Many research groups have been working on algorithms to understand animal sounds for years. Project Ceti, for example, has decoded this Click on the movements of sperm whales and the songs of humpback whales. These modern machine learning tools require extremely large amounts of data, and until now such amounts of high-quality and well-annotated data have been lacking.
Consider LLMs like ChatGPT, which have training data that includes all text available on the Internet. Such information on animal communication was not accessible in the past. It’s not just that human data corpora are many orders of magnitude larger than the kind of data we can access from animals in the wild: more than 500 GB of words were used to train GPT-3, compared to just more than 8,000 “codas”. ” (or vocalizations) for Project Ceti’s recent analysis of sperm whale communication.
In addition, we already have this when working with human language knowledge what is said. We even know what constitutes a “word,” which is a huge advantage over interpreting animal communication, where scientists rarely know whether, for example, the howl of a particular wolf means something different than the howl of another wolf, or whether the wolves are a Consider howling as something somehow analogous to a “word” in human language.
Nonetheless, 2025 will bring new advances, both in the amount of animal communication data available to scientists and in the type and power of AI algorithms that can be applied to that data. Automated recording of animal sounds has become easily accessible to any scientific research group, and low-cost recording devices such as AudioMoth are becoming increasingly popular.
Extensive data sets are now being put online because the recorders can be left in the field and listen to the calls of gibbons in the jungle or birds in the forest around the clock for long periods of time. There have been cases where such large datasets could not be managed manually. Now new automatic recognition algorithms based on convolutional neural networks can go through thousands of hours of recordings, pick out animal sounds and group them into different types according to their natural acoustic properties.

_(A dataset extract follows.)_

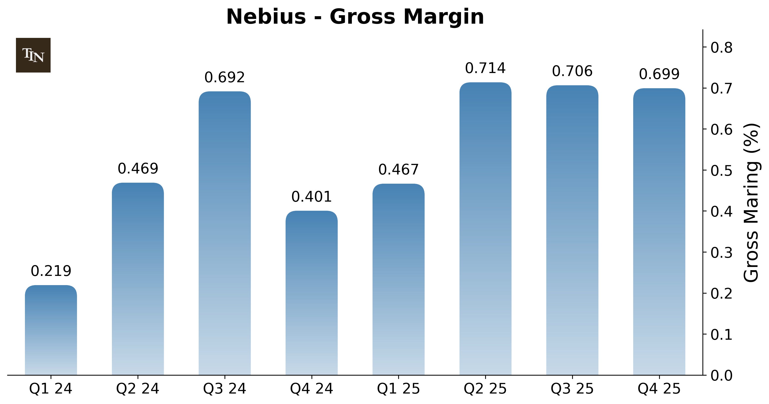 The ~70% gross margin in Q4 2025 is the number that deserves attention. GPU cloud businesses generate high gross margins because once infrastructure is procured and depreciated, incremental compute capacity carries very low variable cost. The margin improving from the low 60s to approximately 70% as Nebius scales reflects the operating leverage of filling contracted capacity at long-term rates, customers who have committed to multi-year contracts at premium pricing rather than competing on hourly spot rates.

Once these large animal datasets become available, new analysis algorithms will become possible, such as using deep neural networks to find hidden structures in sequences of animal vocalizations that may resemble the meaningful structure in human language.
However, the fundamental question remains unclear: what exactly do we want to do with these animal sounds? Some organizations, such as Interspecies.io, have a clear goal of “transforming signals from one species into coherent signals for another.” In other words: too translate Animal communication in human language. However, most scientists agree that non-human animals do not have their own language – at least not in the way that humans do.
The Coller-Dolittle Prize is a bit more ambitious, looking for a way to “communicate with an organism or decipher its communication.” Deciphering is a slightly less ambitious goal than translating, considering that animals may not actually have a language that can be translated. Today we don’t know how much or how little information animals transmit to each other. By 2025, humanity will have the potential to surpass our understanding of not only how much animals say, but also what exactly they say to each other.